Isn't the moral of the story, "Check your backups"? There was a defective fan in...

olefoo · on June 18, 2012

Having been affected several times by colocation facilities bouncing the power during a test of the failover system, I can tell you that such tests are not without risk. Yes, you should test redundant systems, but how often, at what cost, and what risks are you willing to run while doing so.

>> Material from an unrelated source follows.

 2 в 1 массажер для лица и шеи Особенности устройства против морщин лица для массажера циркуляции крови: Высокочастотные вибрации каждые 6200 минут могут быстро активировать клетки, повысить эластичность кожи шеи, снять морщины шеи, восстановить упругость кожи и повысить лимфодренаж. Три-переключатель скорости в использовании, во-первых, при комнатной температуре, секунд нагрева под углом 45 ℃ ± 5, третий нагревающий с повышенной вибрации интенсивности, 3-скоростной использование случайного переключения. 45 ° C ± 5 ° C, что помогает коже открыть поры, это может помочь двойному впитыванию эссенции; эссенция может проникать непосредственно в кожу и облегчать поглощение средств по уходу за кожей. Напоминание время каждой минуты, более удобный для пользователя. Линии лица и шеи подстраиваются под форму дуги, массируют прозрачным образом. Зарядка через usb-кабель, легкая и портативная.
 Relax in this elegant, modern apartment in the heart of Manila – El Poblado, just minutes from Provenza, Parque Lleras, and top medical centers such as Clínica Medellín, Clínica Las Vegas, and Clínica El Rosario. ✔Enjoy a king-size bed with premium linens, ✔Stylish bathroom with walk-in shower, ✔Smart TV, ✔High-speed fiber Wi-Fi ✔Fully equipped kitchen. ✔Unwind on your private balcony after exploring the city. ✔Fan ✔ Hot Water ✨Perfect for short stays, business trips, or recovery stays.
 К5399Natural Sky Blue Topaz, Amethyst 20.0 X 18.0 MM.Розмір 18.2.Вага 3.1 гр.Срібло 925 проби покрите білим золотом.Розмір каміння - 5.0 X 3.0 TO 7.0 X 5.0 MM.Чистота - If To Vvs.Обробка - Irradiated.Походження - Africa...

It's a fact of life that when dealing with complex, tightly coupled systems with multiple interactions between subsystems that you will routinely see accidents caused by improbable combinations of failures.

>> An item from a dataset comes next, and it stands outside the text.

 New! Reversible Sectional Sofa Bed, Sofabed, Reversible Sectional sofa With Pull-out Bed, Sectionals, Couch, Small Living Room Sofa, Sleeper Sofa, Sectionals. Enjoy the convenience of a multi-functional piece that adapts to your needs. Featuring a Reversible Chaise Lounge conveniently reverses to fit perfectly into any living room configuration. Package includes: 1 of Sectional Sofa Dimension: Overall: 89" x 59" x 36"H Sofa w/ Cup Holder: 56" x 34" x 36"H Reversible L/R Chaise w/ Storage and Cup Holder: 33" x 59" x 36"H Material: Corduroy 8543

spartango · on June 18, 2012

I wonder if it's better to create an accidental outage during a scheduled test, or to have an outage completely out of the blue. Obviously mitigation is tricky even during a scheduled test, but perhaps its plausible?

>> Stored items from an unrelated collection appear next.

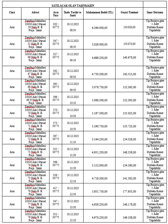 İhale 18 Aralık 2025 günü Foça Belediyesi Encümen Toplantı Salonu’nda gerçekleştirilecek.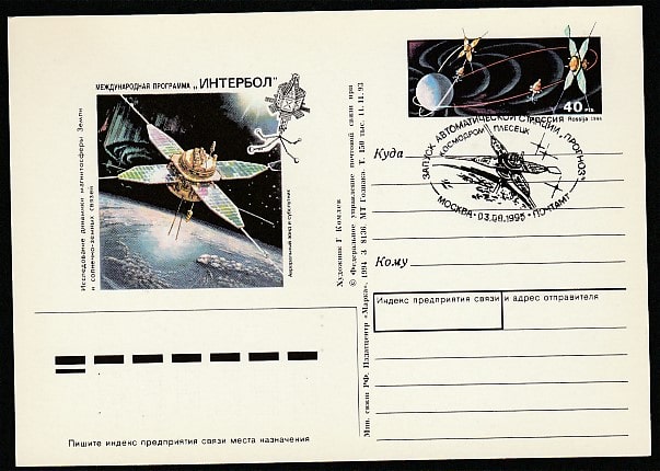 ПК с ОМ и СГ. Космические исследования по программе "Интербол", 03.08.1995 год, Москва, почтамт (№ 22)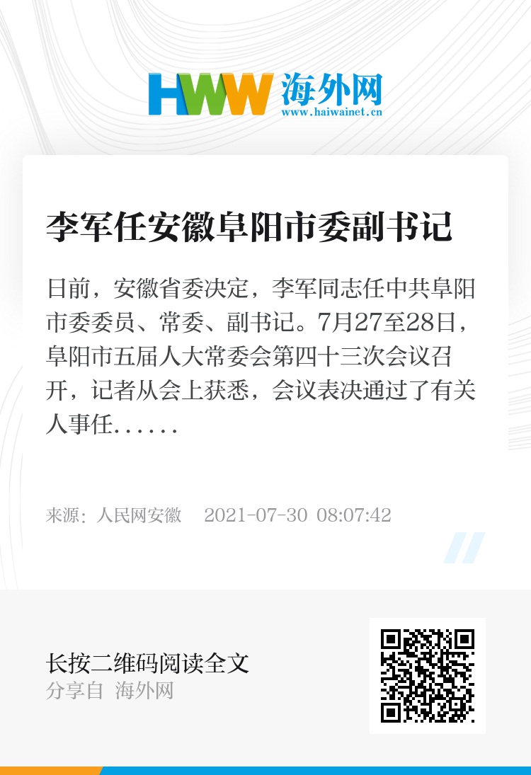 日前,安徽省委决定,李军同志任中共阜阳市委委员、常委、副书记。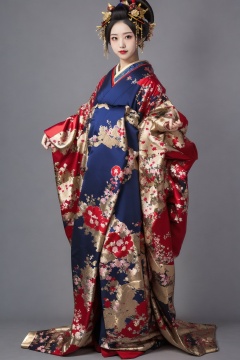 wsoiran,1girl,headpiece,(full body:1.1),ornate,oversized clothes,facing viewer,simple background,

raverbashing · on June 18, 2012

Or do it with a non-production load

AWS could create some machines at a lower cost and lower availability, just something that if goes down doesn't affect you much, or one-off usages.

I'm not sure how migrating machines between nodes happens in S3 or if it's easy to do it (maybe with some downtime)

dkulchenko · on June 18, 2012

With a scheduled test, you have the benefit of having the main power actually working if the backup being tested comes crashing down; seems to me that mitigation would be much quicker in a scheduled test than in a real outage.

excuse-me · on June 18, 2012

But would you rather risk a once in 10years real power failure testing your backups, or would pull the plug once per year to test it yourself?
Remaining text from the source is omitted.